Ese relato, ya matizado por el responsable de la Policía, tiene que convivir a partir de ahora con otro, la admisión de que el sistema de grabación de llamadas –la de El Bocal no lo fue– en la Policía Local estaba incompleto.
Según detalló, cuando la Policía Local tenía su sede en la calle Castilla operaba con cuatro líneas telefónicas integradas en el sistema de grabación. Sin embargo, con el traslado a Peñacastillo se incorporó una quinta línea que no se integró en dicho sistema. “Se añadió una quinta línea que no estaba en el sistema de grabación”, reconoció.
Esa circunstancia implica que no todos los avisos quedaban registrados, entre ellos el recibido por la agente que está siendo investigada en relación con lo ocurrido en El Bocal. La falta de grabación dificulta reconstruir con precisión la secuencia de comunicación y las decisiones adoptadas a partir de ese aviso, lo que se conoce como la trazabilidad de los avisos.
El propio concejal confirmó que esta deficiencia se mantuvo hasta después de la tragedia y que fue corregida posteriormente. “Algo que ha cambiado desde el pasado 12 de marzo”, es decir, nueve días después del colapso de la pasarela.
Esta intervención se producía al hilo de una moción del PRC en la que se pedía crear una comisión especial sobre la situación de la Policía, rechazada por la mayoría absoluta del PP. “No entenderé que no apoyen esta moción porque estamos hablando de la seguridad de la ciudad”, afirmó el portavoz regionalista, Felipe Piña, promotor de la iniciativa, quien reiteraba los problemas estructurales de la Policía, como las vacantes o puestos de mando sin cubrir.

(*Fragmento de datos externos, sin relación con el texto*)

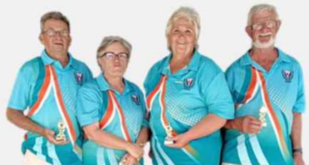
PLATE DIVISION WINNERS SEDIBENG

«Ya era hora de que le escucháramos hablar sobre El Bocal», espetó el portavoz de IU, Keruin Martínez, quien recordaba que las carencias del cuerpo “no son nuevas” y que ya venían siendo denunciadas antes de la tragedia.
Desde el PSOE, la concejala Paz de la Cuesta también trató de reorientar el debate hacia el funcionamiento global del servicio, defendiendo la necesidad de una revisión más amplia. “Es necesario analizar si la toma de decisiones del Ayuntamiento en relación con el servicio de la Policía Local ha sido la adecuada”, señaló, apuntando a la necesidad de evaluar “su conformación, sus medios, su plantilla” y si las demandas de los agentes han sido atendidas o, en caso contrario, han tenido impacto en su operatividad.
La alcaldesa, Gema Igual, hizo nuevamente, como en el Pleno extraordinario monográfico de la semana pasada, uso de su privilegio como moderadora del debate plenario y parte de la conversación para cerrarla, sin derecho a réplica.
Y empleó ese tiempo en recrearse en el auto judicial conocido esta semana que señala la responsabilidad, incluso penal, de Costas, en el mantenimiento (aunque en ese mismo documento la jueza instructora también incidía en la responsabilidad del Ayuntamiento tanto en la promoción de la senda como en el balizamiento de infraestructuras, aunque no sean suyas, al que el Consistorio se ha entregado con el furor del converso en las últimas 48 horas).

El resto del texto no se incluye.